» ENTRIES PROVIDED
□ □ □

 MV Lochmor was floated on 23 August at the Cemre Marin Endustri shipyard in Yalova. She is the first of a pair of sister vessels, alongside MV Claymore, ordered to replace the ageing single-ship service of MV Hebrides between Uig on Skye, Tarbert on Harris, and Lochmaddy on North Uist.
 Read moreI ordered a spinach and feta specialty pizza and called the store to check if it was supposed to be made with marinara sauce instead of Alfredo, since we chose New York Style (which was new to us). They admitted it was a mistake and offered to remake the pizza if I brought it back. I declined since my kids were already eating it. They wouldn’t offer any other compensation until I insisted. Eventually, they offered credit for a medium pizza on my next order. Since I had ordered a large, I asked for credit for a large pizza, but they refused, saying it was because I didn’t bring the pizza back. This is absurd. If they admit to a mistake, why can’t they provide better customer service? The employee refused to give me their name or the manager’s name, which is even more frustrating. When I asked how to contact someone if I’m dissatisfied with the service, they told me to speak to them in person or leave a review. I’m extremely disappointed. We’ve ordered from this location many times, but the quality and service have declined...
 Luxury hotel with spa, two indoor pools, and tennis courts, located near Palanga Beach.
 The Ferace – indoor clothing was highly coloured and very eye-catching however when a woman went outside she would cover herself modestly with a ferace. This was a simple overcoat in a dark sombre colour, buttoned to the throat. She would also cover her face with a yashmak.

□ □ □

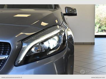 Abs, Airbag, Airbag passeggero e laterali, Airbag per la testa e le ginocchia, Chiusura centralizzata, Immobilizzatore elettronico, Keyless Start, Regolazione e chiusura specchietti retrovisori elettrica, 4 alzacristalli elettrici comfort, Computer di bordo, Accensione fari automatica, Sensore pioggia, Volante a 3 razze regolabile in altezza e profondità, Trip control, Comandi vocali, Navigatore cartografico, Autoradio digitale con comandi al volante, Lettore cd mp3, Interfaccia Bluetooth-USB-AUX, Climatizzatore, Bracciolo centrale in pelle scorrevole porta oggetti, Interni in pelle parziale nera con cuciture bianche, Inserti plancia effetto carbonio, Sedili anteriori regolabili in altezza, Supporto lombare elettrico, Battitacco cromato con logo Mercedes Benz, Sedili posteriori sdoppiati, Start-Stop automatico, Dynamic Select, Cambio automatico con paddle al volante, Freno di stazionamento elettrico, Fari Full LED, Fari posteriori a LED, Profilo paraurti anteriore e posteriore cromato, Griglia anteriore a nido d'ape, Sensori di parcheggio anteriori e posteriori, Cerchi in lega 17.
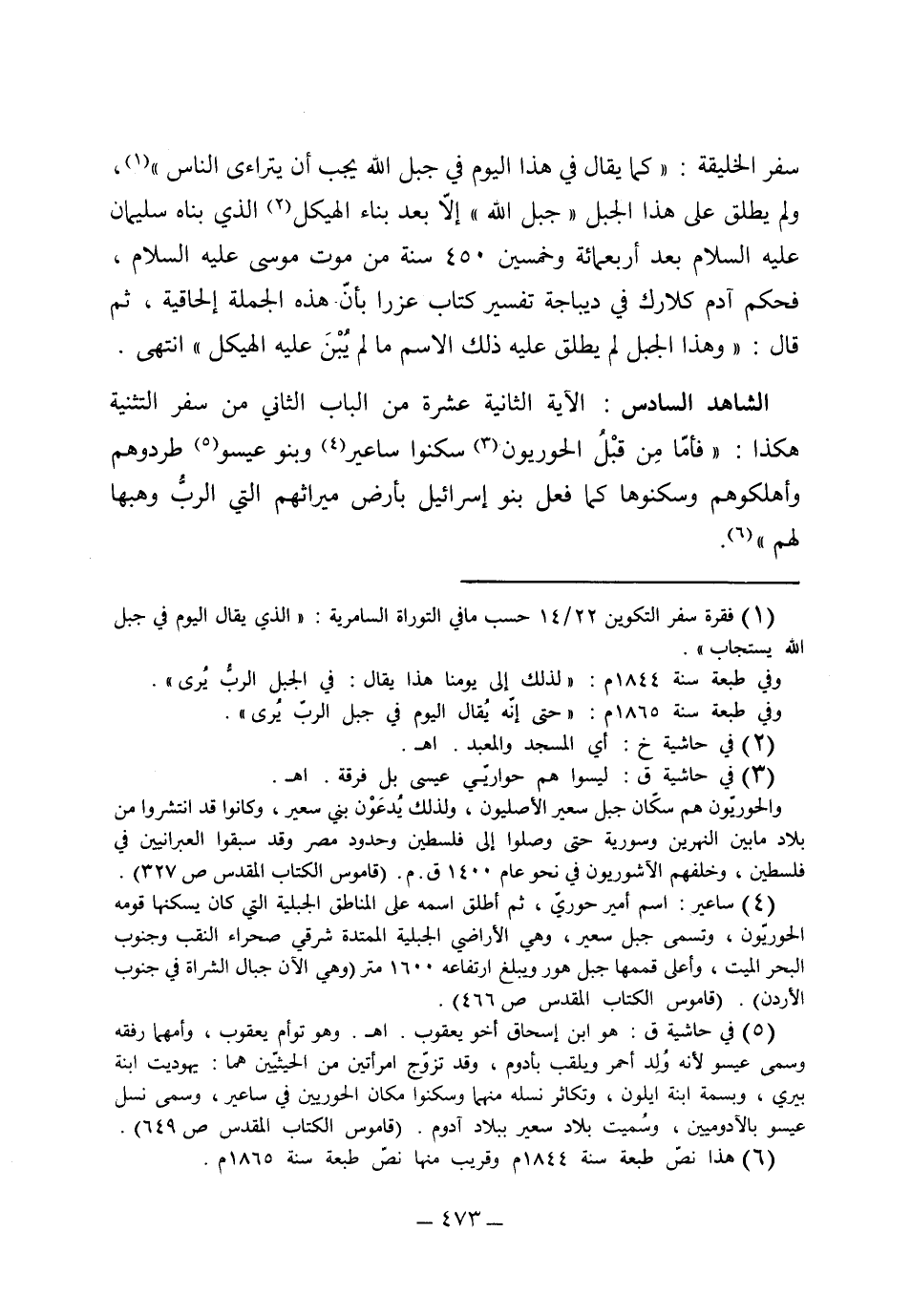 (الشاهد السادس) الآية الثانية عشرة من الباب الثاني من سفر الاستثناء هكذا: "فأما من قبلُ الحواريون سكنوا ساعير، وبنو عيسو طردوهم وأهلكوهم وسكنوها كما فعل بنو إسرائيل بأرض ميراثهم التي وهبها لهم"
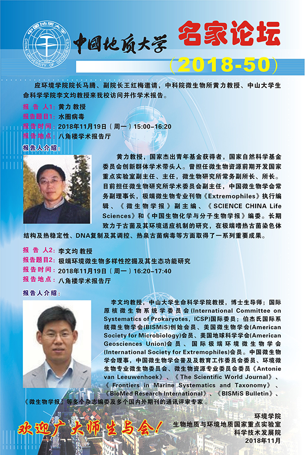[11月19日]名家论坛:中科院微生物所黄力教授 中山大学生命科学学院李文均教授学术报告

□ □ □

» ACTIVITY
Filter the records above for the string "indoor" and copy each matching line.

» EXERCISE RESULT
 Luxury hotel with spa, two indoor pools, and tennis courts, located near Palanga Beach.
 The Ferace – indoor clothing was highly coloured and very eye-catching however when a woman went outside she would cover herself modestly with a ferace. This was a simple overcoat in a dark sombre colour, buttoned to the throat. She would also cover her face with a yashmak.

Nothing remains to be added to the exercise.